BREAKING: the experimental Reconciliation subsystem (provider invoice import + diff, the /reconciliation dashboard page, bin/rails llm_cost_tracker:reconcile:* rake tasks, config.reconciliation_enabled, config.reconciliation_importers, the llm_cost_tracker:reconciliation generator, and the llm_cost_tracker_provider_invoices / _provider_invoice_imports tables) is gone. It was never finished and never billing-accurate. calls.provider_response_id (captured on every call) already covers invoice cross-reference; if invoice-vs-ledger reconciliation ships again it lives in a separate gem. Existing installs can drop the two tables — see docs/upgrading.md.

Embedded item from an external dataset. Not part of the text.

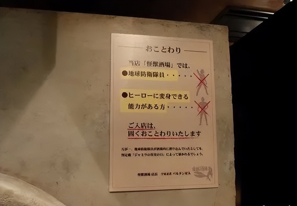通常會有穿着皮套的怪獸迎客,進門前還會有店員告知,地球防衞隊員或者能變身成為奧特曼的人禁止入店,然後把手放上面驗證一下就能進店。

config.instrument :gemnii (or any other typo / unknown integration name) no longer raises at config time — it now logs Logging.warn("Unknown integration: :gemnii. Known: ...") once when integrations install, and bin/rails llm_cost_tracker:doctor shows the unknown name as a :warn row so the typo is visible without crashing boot.

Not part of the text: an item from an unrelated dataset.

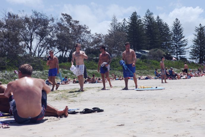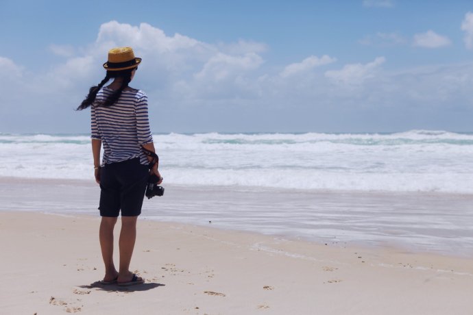 From fields to sea in a blink—Byron felt so natural. Locals love this town: surfboards, beach balls, friends or family picnicking. We know we can’t truly blend in, but we tried to be low-key: found a patch of sand, lay back, soaked in sun. I still couldn’t resist snapping surfers and stunners with a “cannon”—and felt better seeing others with bigger lenses. Authentic joy is worth keeping. Fresh off the surf—what a look.

Pre-call budget enforcement for Azure-hosted OpenAI calls now keys on "azure_openai" (matching the recorded Call.provider), so pricing_overrides for Azure rates actually gate the call. Previously it always keyed on "openai" regardless of the SDK client's base_url.

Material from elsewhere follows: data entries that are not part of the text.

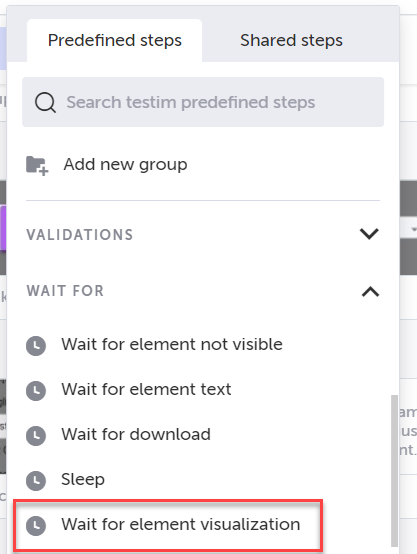 Use wait for element visualization to wait for your element to be visible on the page and validate its expected visualization. See Visual Validation for more information. → To add a Wait for element visualization step:
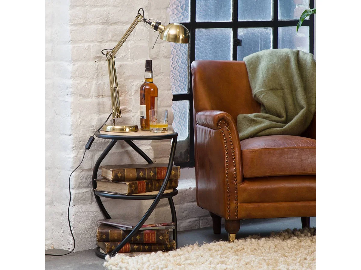 Lampe Projecteur en métal Bronze et pied en Bois H 68 cm
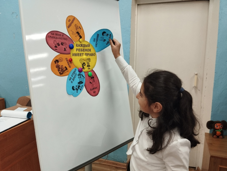Во время мероприятия школьники познакомились с Конвенцией о правах. Поговорили о том, что такое права, зачем они нужны и как они помогают защитить каждого ребенка. Дети узнали о своих правах на жизнь, имя, семью, образование, отдых и многое другое.

BREAKING: removed the batch: keyword argument from LlmCostTracker.track, LlmCostTracker.track_stream, and stream.usage (inside track_stream blocks). Signal a batch-tier call via pricing_mode: :batch (or any pricing_mode containing the batch token like :batch_flex) — that's the single source of truth now. Previously batch: and pricing_mode: could disagree, especially after request-side pricing_mode merge inside Tracker.record overwrote the parser's mode but left the stored batch flag stale, so calls.batch could read true while calls.pricing_mode read flex (or vice versa) for the same row.
The bin/rails llm_cost_tracker:prices:explain rake task (and LlmCostTracker::Pricing.explain) is removed — the dashboard's Data Quality page surfaces unknown-pricing models and their effective rates instead.

Changed

The RubyLLM SDK integration now requires ruby_llm >= 1.15.0 (was >= 1.14.1).
Engine no longer adds tag / tag_value to Rails filter_parameters — the Symbol filter was substring-matching unrelated host-app params (tags, meta_tag, etc.) into [FILTERED]. Tags::Sanitizer continues redacting secret-shaped tag values at storage.
BREAKING: the serialized event cost (the llm_request.llm_cost_tracker notification payload and the async-ingestion inbox payload) is now { components: {...}, total:, currency: } (was flat with a top-level total_cost:). Notification subscribers should read cost[:total]; ingestion: :async rolling deploys should drain the inbox first — see docs/upgrading.md.
BREAKING: pricing_mode in the llm_request.llm_cost_tracker notification payload is now a String (e.g. "batch", "fast_data_residency"), not a Symbol — subscribers matching it against a Symbol must compare to the String.
BREAKING: LlmCostTracker.track(tokens:) now takes the same _tokens-suffixed keys as stream.usage and the stored columns — input_tokens, output_tokens, cache_read_input_tokens, audio_input_tokens, etc. (was the short input, output, cache_read_input, …). Update manual track calls. Pricing-file / pricing_overrides field names are unchanged — they stay input, output, … (per-component rates, a separate vocabulary).

Fixed

RubyLLM streaming chats to Anthropic and Gemini (chat.ask { |chunk| }) are now recorded — previously the streamed response's raw body is the SSE text rather than the parsed hash the integration read, so an internal lookup raised and the call was silently dropped from the ledger. Blocking RubyLLM calls were unaffected.
A malformed or very long pricing_mode (or a provider service_tier / speed with many underscore-separated tokens) no longer hangs cost calculation — the call lands cost_status: unknown instead of pinning a CPU.
Gemini preview models dated with a four-digit year (e.g. gemini-2.5-flash-preview-09-2025) now fall back to the stable model's price instead of landing cost_status: unknown.
A typo'd price-key prefix in pricing_overrides or a custom prices_file (e.g. bath_input for batch_input, or any unknown <mode>_<component>) now logs an Unknown price keys warning and is ignored, instead of being silently accepted so the override quietly never applied at the intended mode/tier.
Anthropic responses with service_tier: "priority" now keep :priority as their pricing_mode instead of being silently billed at standard rates — committed-tier customers get cost_status: unknown (signaling to add priority_input/priority_output to pricing_overrides) instead of an over-counted USD figure that ignores their commitment discount.
OpenAI's scale enterprise tier and priority tier are now recognized as pricing modes (no more Logging.warn about unknown tokens); calls land as cost_status: unknown when negotiated rates are absent so you can add them via pricing_overrides.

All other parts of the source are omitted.